### Instructions for the task
Leave the pictures out. Return all other data exactly.

### Information shown

· · · · · · ·

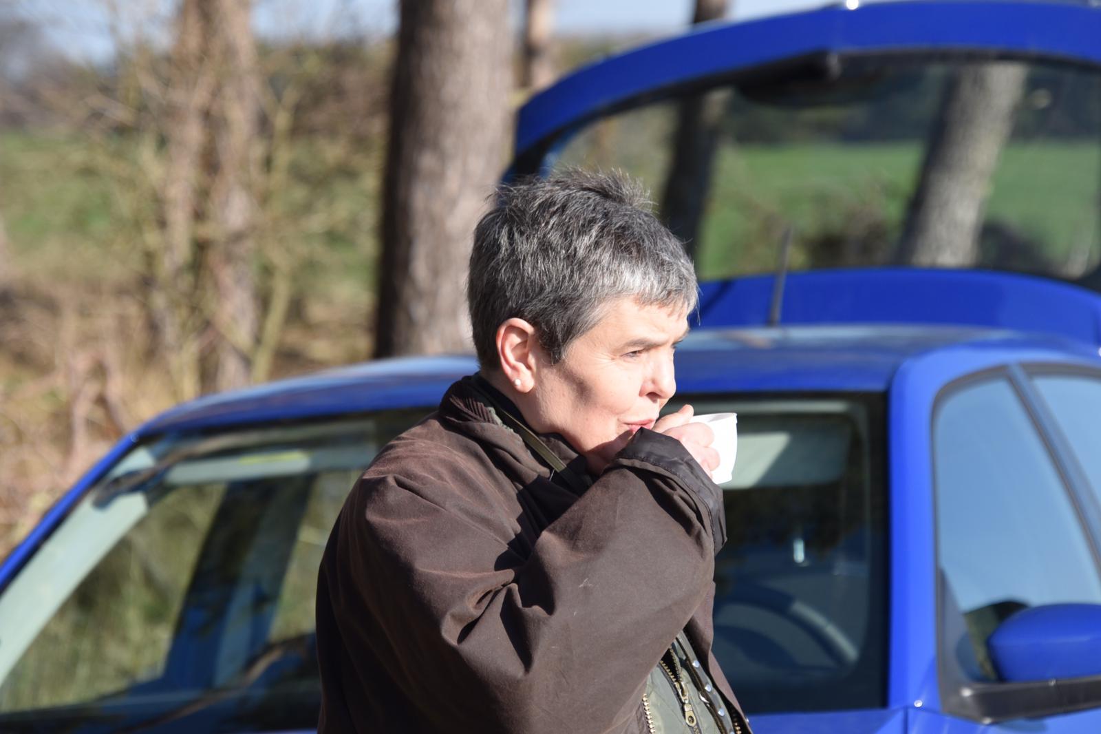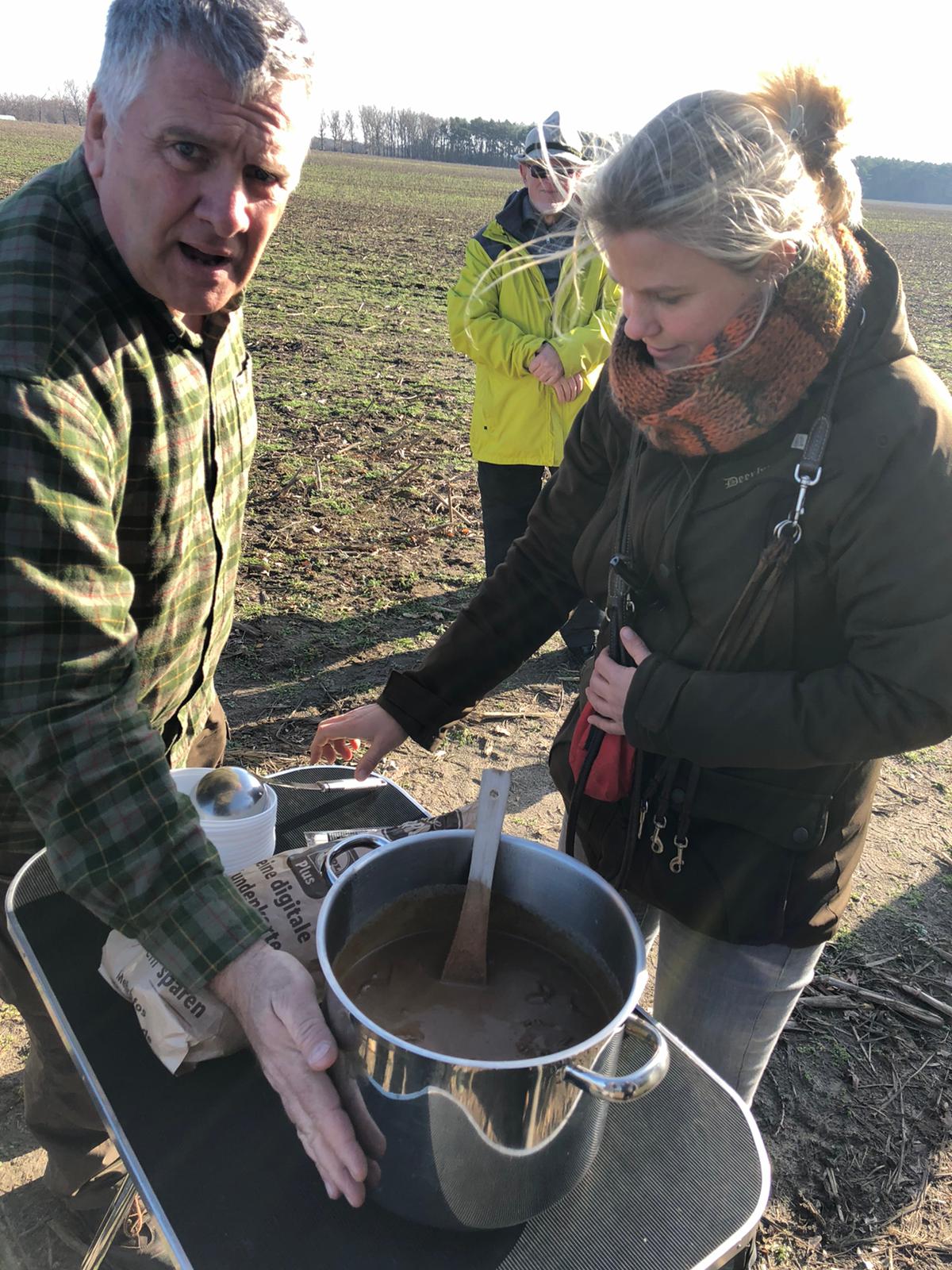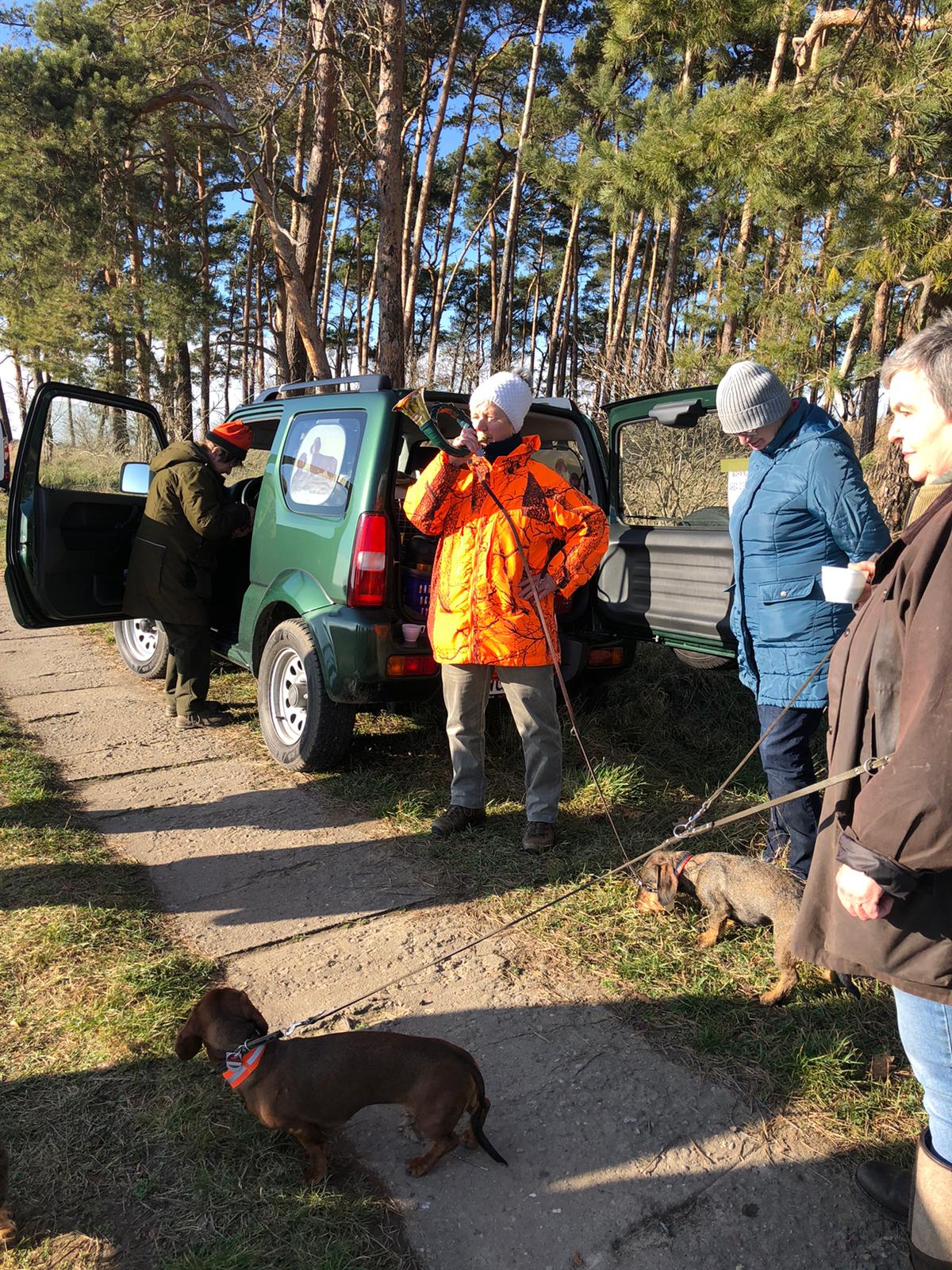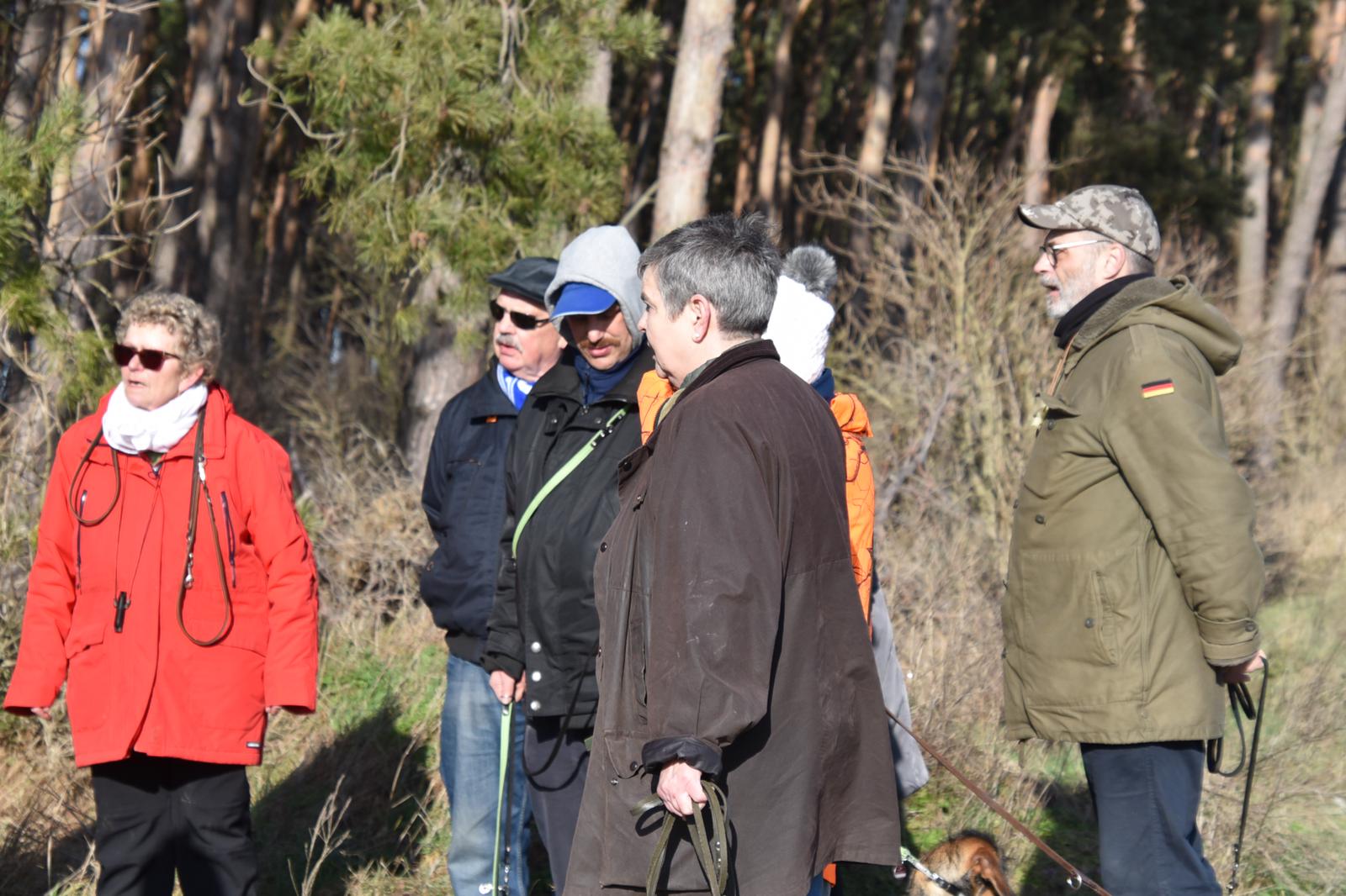 Zur Begeisterung der Hunde und natürlich auch für uns, hatten wir viel Anblick auf Rehwild. Es war frisch, aber wir hatten Sonne und die Kraniche waren zu hören. Leider jedoch fanden sich, auch wegen des trockenen Bodens, keine Wolfsspuren. Weit über eine Stunde marschierten wir über Stock und Stein. Am Ziel erwartete uns Sven Herrmann mit einem großen Topf Wildschweingulasch, Brot und Getränken. Das Wildschwein, erlegt und zubereitet von Sven, schmeckte hervorragend. Es war einfach einmal etwas was anderes draußen auch im Winter so etwas zu erleben.
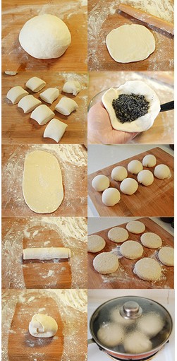 面团材料:面粉300克,温水160克,干酵母4克,碱水适量(约60克/个,约8、9个)
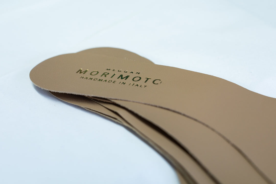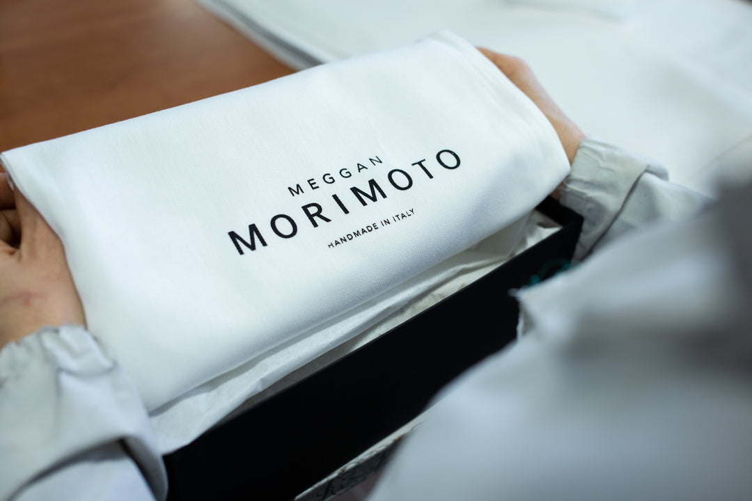Store your shoes in a cool dry place. To protect your shoes from dust, store them in your Meggan Morimoto dustbag.

· · · · · · ·

### Written answer
 Zur Begeisterung der Hunde und natürlich auch für uns, hatten wir viel Anblick auf Rehwild. Es war frisch, aber wir hatten Sonne und die Kraniche waren zu hören. Leider jedoch fanden sich, auch wegen des trockenen Bodens, keine Wolfsspuren. Weit über eine Stunde marschierten wir über Stock und Stein. Am Ziel erwartete uns Sven Herrmann mit einem großen Topf Wildschweingulasch, Brot und Getränken. Das Wildschwein, erlegt und zubereitet von Sven, schmeckte hervorragend. Es war einfach einmal etwas was anderes draußen auch im Winter so etwas zu erleben.
 面团材料:面粉300克,温水160克,干酵母4克,碱水适量(约60克/个,约8、9个)
Store your shoes in a cool dry place. To protect your shoes from dust, store them in your Meggan Morimoto dustbag.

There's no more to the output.